Small implementation changes to the function calling mechanism. Right now, in case there is a “tool call” request from a model, we directly do the recursive call. What I suggest in the PR is actually building the final ChatResponse object first. Then, we can return it directly if there’s no tool call. If there is, we trigger the recursive call.

With this change, we can correctly handle the observation scopes, making sure each observation contains the correct request/response pair in the context.

We can also generalize a bit more the function calling logic. Working directly with a ChatResponse object, I managed to remove the need for making the abstract class generic, moving even more logic up and reducing the amount of code that is provider-specific.

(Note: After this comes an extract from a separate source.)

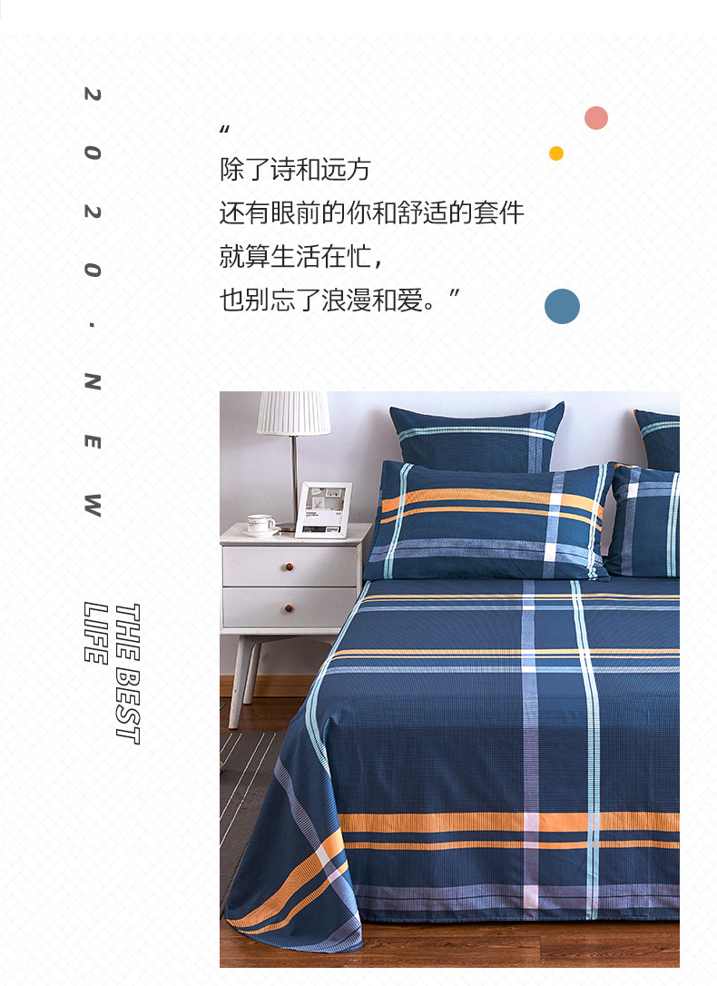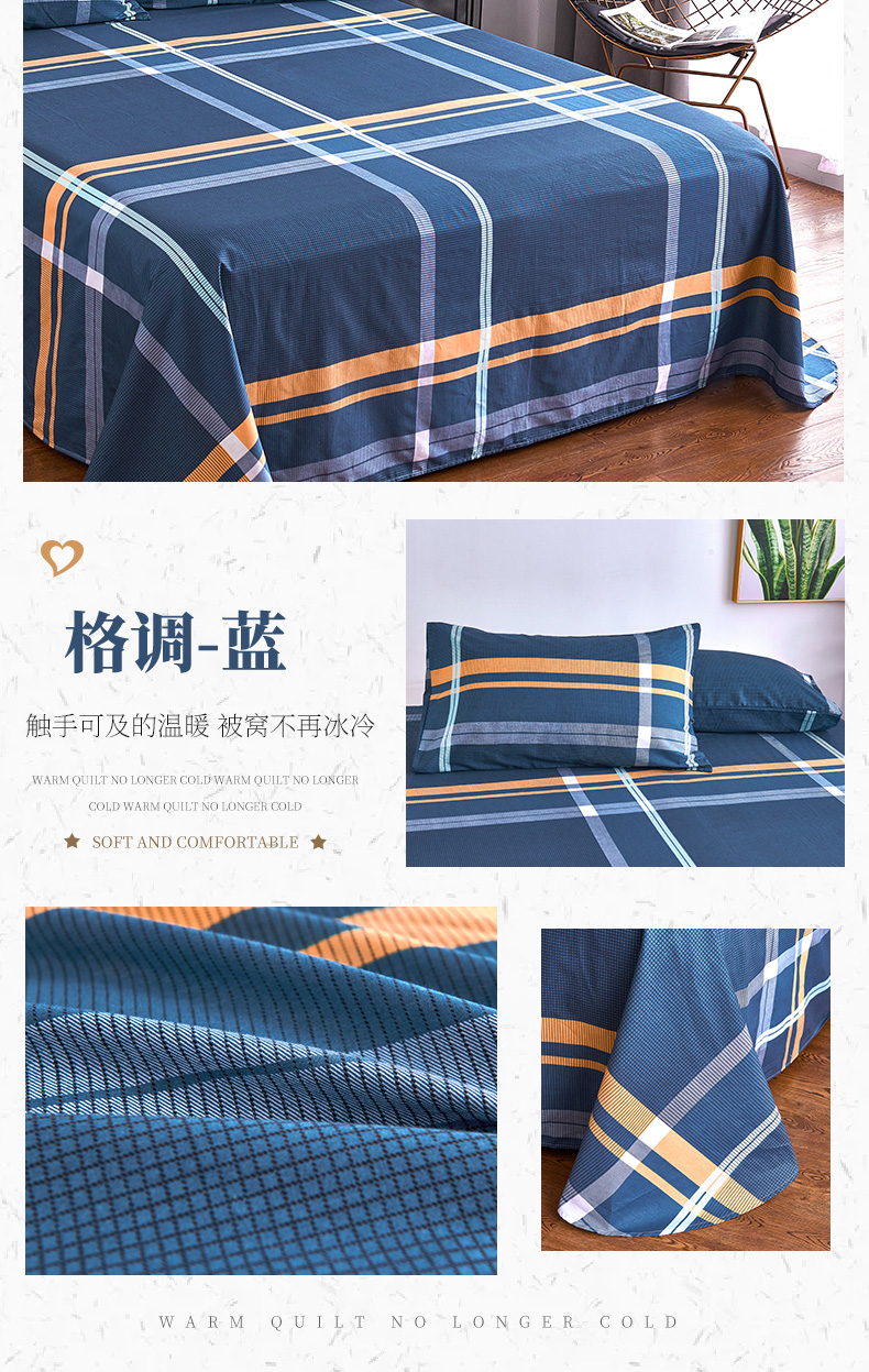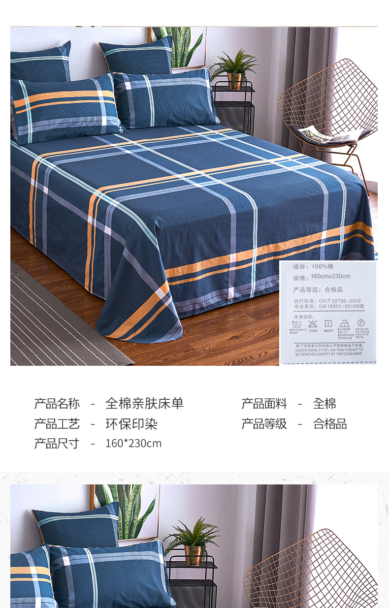 商品名称:南极人NanJiren 全棉床单单件 四季纯棉单人学生宿舍被单床罩 1米/1.2米/1.5米床 160*230cm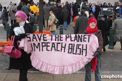 當(dāng)?shù)貢r(shí)間一月二十日,在美國(guó)總統(tǒng)布什就職典禮場(chǎng)外,一些示威者抗議布什當(dāng)政,要求彈劾總統(tǒng)。作者:余東暉

One more thing I changed is wrapping only the call to OpenAI within RetryTemplate. Right now, it wraps the entire implementation, catching many different exceptions not related to the HTTP call, and retrying even though it shouldn’t (impacting both runtime code but also tests). I would suggest progressively making this change for all implementations. Besides reaching a more predictable behaviour in terms of retries, it helps making the code more readable without unnecessary nesting, especially after delivering the observability changes (which would add one more nested level).

Comment From: tzolov

Thanks @ThomasVitale Streamline the Generation constructor implementation, rebase, squash and merge at: 40d8671f3e4ec12b26f37a017e706da3a16b7ab5

Comment From: tzolov

Now we have to repeat this exercise for the remaining Function Calling models :)

Comment From: ThomasVitale

@tzolov great, thank you! Tomorrow, I'll update the observability PR and work on extending this functional calling strategy to the other models.